I say that Zappas been on the fringe because he's always been an outcast; he's never had a hit single or (to my knowledge) a gold LP, if any of his music gets played on the radio it's only his most innocuous pop confections, and his attitude has been, over the years, one of, shall we say, dislike, for the record company execs and industry business types who often decide what music we hear – or don't hear. But make no mistake – Zappa's one shrewd hombre, and for years he's milked his "outcast" status and created a cult niche for himself, one which has evolved and grown so that today he stands as a "serious" composer and musical/social commentator. He appears frequently on tv talk shows (and he was rumored to replace Joan Rivers as host of her nationally syndicated Late Show. The mind boggles.).
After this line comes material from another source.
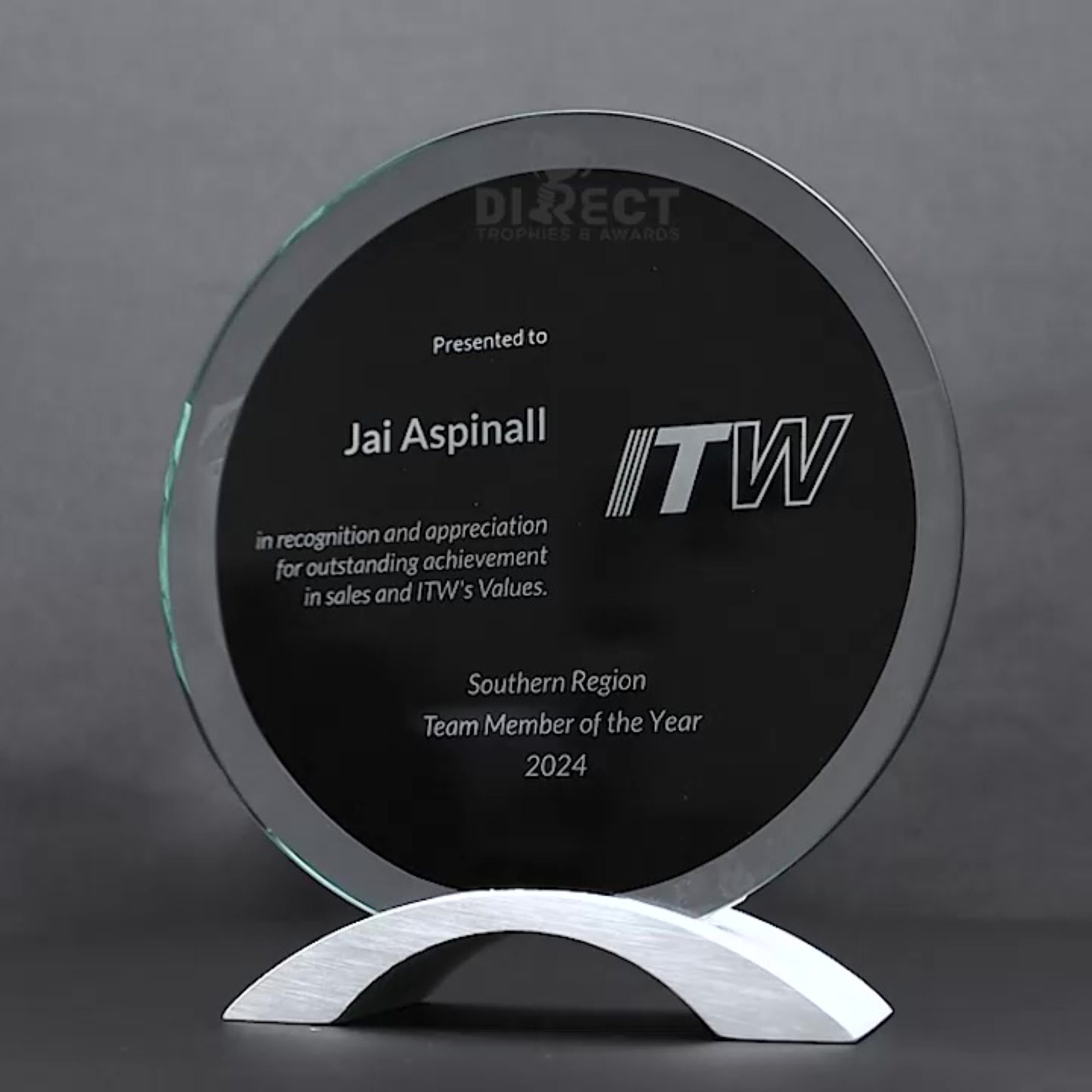The sophisticated Luminary glass & metal award features an inner circle of black panel for your engraving within the larger design of clear glass.

It all began in 1965, with Freak Out! (Ryko RCD 40062, 60:34 minutes), a real shocker on its release. The Mothers of Invention (Zappas band at the time) were the weirdest-looking band in rock, and the songs – blatant pitches for nonconformism, anti-censorship ditties, parodies of pop love laments, and a couple of long acid-noise jams full of pounding drums, tape manipulations, psychedelic Mideastern drones, and drug-induced hallucinatory raps (probably imaginary – Zappa's always had a strong anti-drug stance) were simply ahead of their time. Which is probably why, for the most part, they sound so good today. Musically, Zappas borrowing of easily recognizable elements from r&b, doo-wop, teenybopper pop, L.A. barrio rock, and contemporary classical styles fits comfortably into today's neo-trad mood of rediscovering roots music for fun and profit, and the grungy, sloppy, garage band sound of the Mothers (reproduced well-enough on CD) was totally calculated, actually masking sophisticated arrangements and excellent musicianship (augmented by some of L.A.'s top studio cats).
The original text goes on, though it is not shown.